On the one hand, we have created one dataset without any default split in order to be able to manipulate it later. On the other hand, we create some dataset splits. Firstly, one following the same percentage of abstracts for each set as in the referenced paper 80% for train set and 20% for test set, when using this dataset split we name it Experiment 1. Secondly, one split into train/validation/test sets to follow the standard approach and optimize hyperparameters. In order to do the split keeping a similar representation of all the entities in the sets we have ensured that the frequency of each entity in each set follows a similar distribution as the split (80-10-10) which is named Experiment 2. The process of the generation of the datasets can be seen in Preprocessing.ipynb and the uploaded datasets are in this HuggingFace repository.

Fine-tune BERT-like models for NER task.

We have chosen the following pretrained models from HuggingFace:

  1. BioBERT
  2. LongFormer

which are the models used in the paper. We have download each of them locally in folders under the name models/biobert-base-cased-v1.2 and models/longformer-base-4096. Another hierarchy does not guarantee that the scripts will work.

The hyperparameters used in Experiment 1 can be downloaded from Hyperparameters/Experiment1.pkl. For Experiment 2, we optimize the hyperparameters of the models with Optuna Framework. Concretely, the learning rate, weight decay and batch size. The hyperparameters obtained in the optimization are in Hyperparameters/Experiment2_biobert.pkl and Hyperparameters/Experiment2_longformer.pkl.

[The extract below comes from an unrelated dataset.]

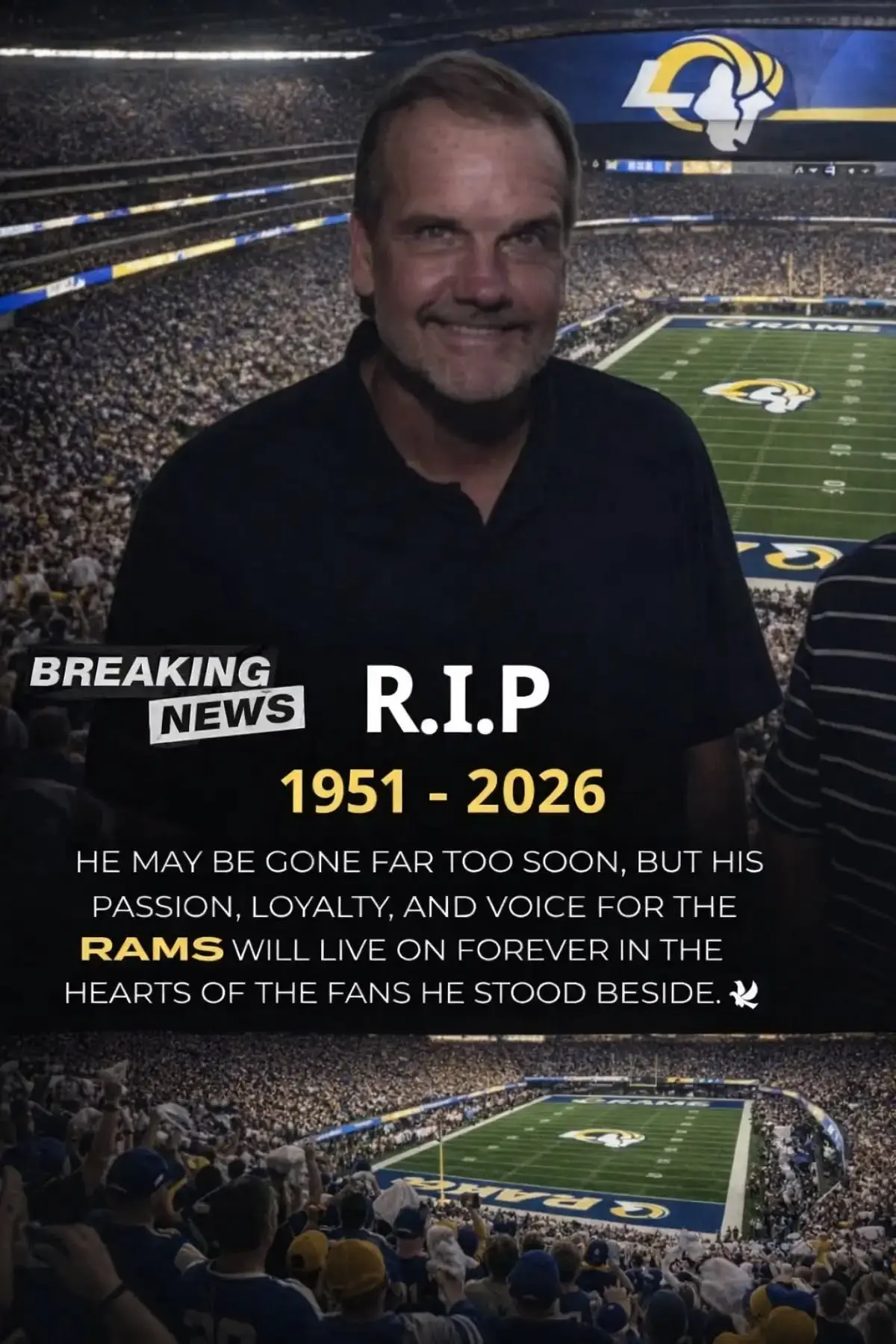 SAD NEWS 💔 The Los Angeles Rams community mourns the untimely loss of a loyal voice. The Los Angeles Rams community is grieving the tragic passing of a longtime Rams analyst, who devoted more than a decade to passionately supporting and defending the team he loved. He passed away at the age of 74 following a heartbreaking accident while returning home after what would become his final commentary in support of Los Angeles. Gone too soon, but his legacy lives on in the hearts of the community he stood for and defended with pride. Rest in peace.

Secondly, with these fixed hyperparameters we train 5 times the models to avoid bias caused by the random generation of initial weights. Finally, in order to compare the results for each entity we average the f1-scores and we also compute the maximum value. All this process is done in TrainingNER.py.

The reported metrics for analysing the performance of the models are F1-scores computed using the seqeval library in the default mode which as the author says it is compatible with the standard CoNLL evaluation. However, the code computes at the same time the strict mode of seqeval (more information in the link above) and the relaxed/lenient mode using sklearn library.

How to use

Python version: 3.10.13

  1. For the data preprocessing it is crucial to clone the repository https://github.com/nlplab/brat.git and recommended to modify the function explained above.

  2. Data has to be in a folder named "data" where each of the files has its corresponding .txt and .ann files. After preprocessing the .conll files will be saved in the same data folder.

  3. For training models with TrainingNER.py:

    • Create the environment conda env create -f environment.yml
    • Download the processed data (for example in ./datasets/Experiment*) and models from HuggingFace (./models/*). If models are not save as this it is not ensured that the code will work.

    The script has several arguments:

    • mode option has the possibilities train/test/inference.

      Train mode: This mode does hyperparamenter optimization, train several models with different seeds and finally evaluate on test set.

      The hyperparameter optimization process is done if: 1. There is no .pkl file with pre-defined hyperparameters in the directory where the outputs will be saved or a directory to read a .pkl file is not provided. 2. The variable HYPERPARAMETERS_SEARCH is set to True.

      Otherwise, the hyperparameters used in Experiment 1 are defined by default. They can be modified to suit the user.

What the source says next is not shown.